Oh, but wait — it’s a Republican version.
Senator John Thune and Congressman Steve Scalise are introduced their own version of the “Buffett Rule” in the chambers, replacing President Barack Obama’s tentative proposal to tax capital gains and investment income at a higher rate to ensure millionaires pay as large of a portion of their annual income in taxes as the middle class does. In the Thune/Scalise version of the “Buffett Rule,” the IRS would add an extra box to the yearly tax form. If you feel you don’t pay enough in taxes, you can check the box to pay more.
Thune justified his proposal, saying, “If individuals like Warren Buffett or President Obama are inclined to donate their own personal money toward paying down the federal government’s debt, they ought to have that right to do so voluntarily.”

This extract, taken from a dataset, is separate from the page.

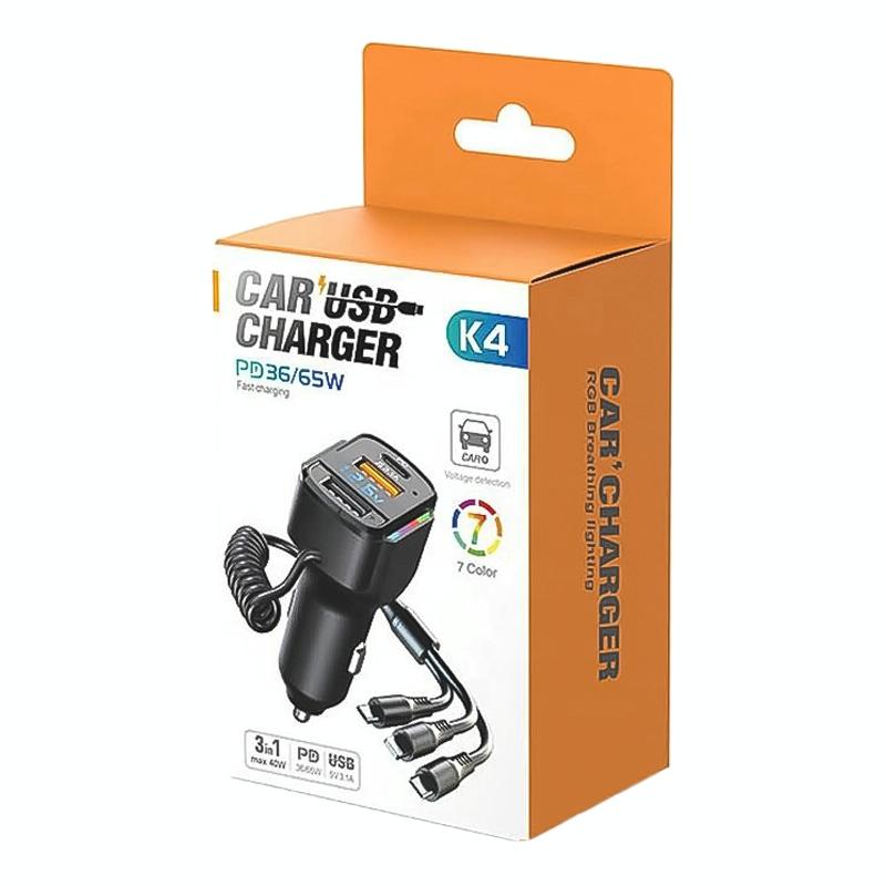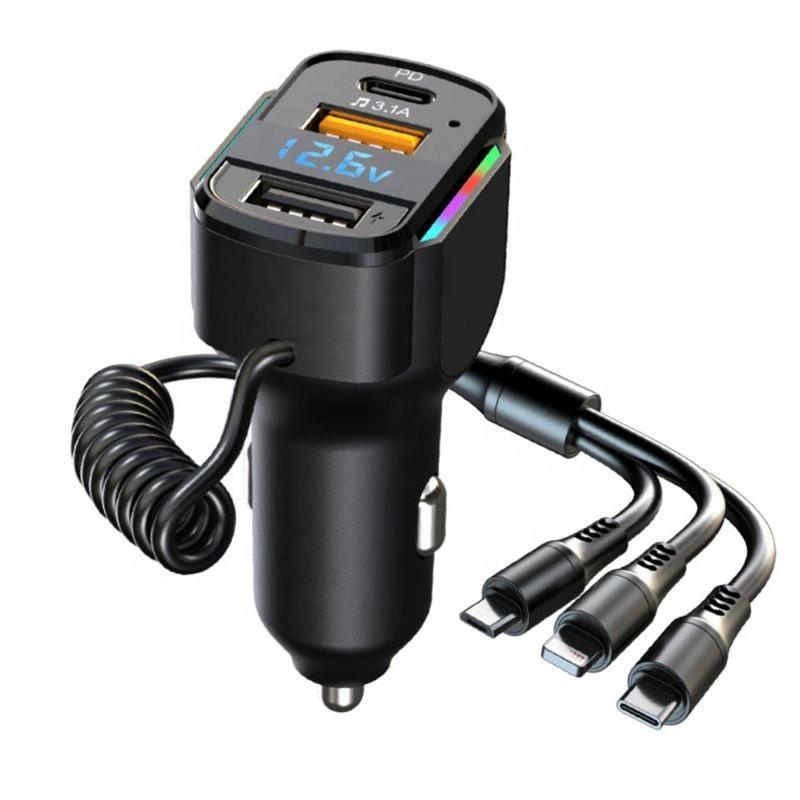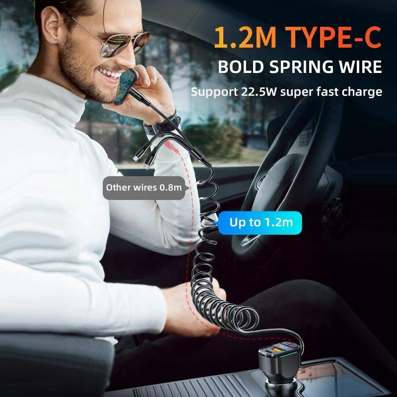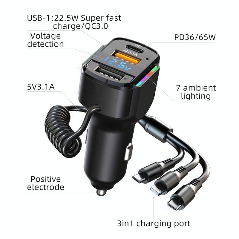 6. Comes with a 1.2m long one-to-three spring data cable, worry-free charging in the rear of the car

According to Congressional Republicans, Obama’s “Buffett Rule” is unnecessary overkill. But the Congressional Research Service says that might not be the case. Based on their research, about one in four millionaires actually do pay less in taxes proportionally than the middle class does. As Politico reports, “Investment income that is taxed at a preferred rate and the reduced impact of payroll taxes on higher incomes means that 94,500 millionaires pay federal taxes at an effective lower rate than 10.4 million “moderate-income taxpayers” earning less than $100,000 a year. That means about one in four millionaires pay lower federal income tax rates than 10 percent of middle-class households.”
Wonder how many of them would voluntarily check the box?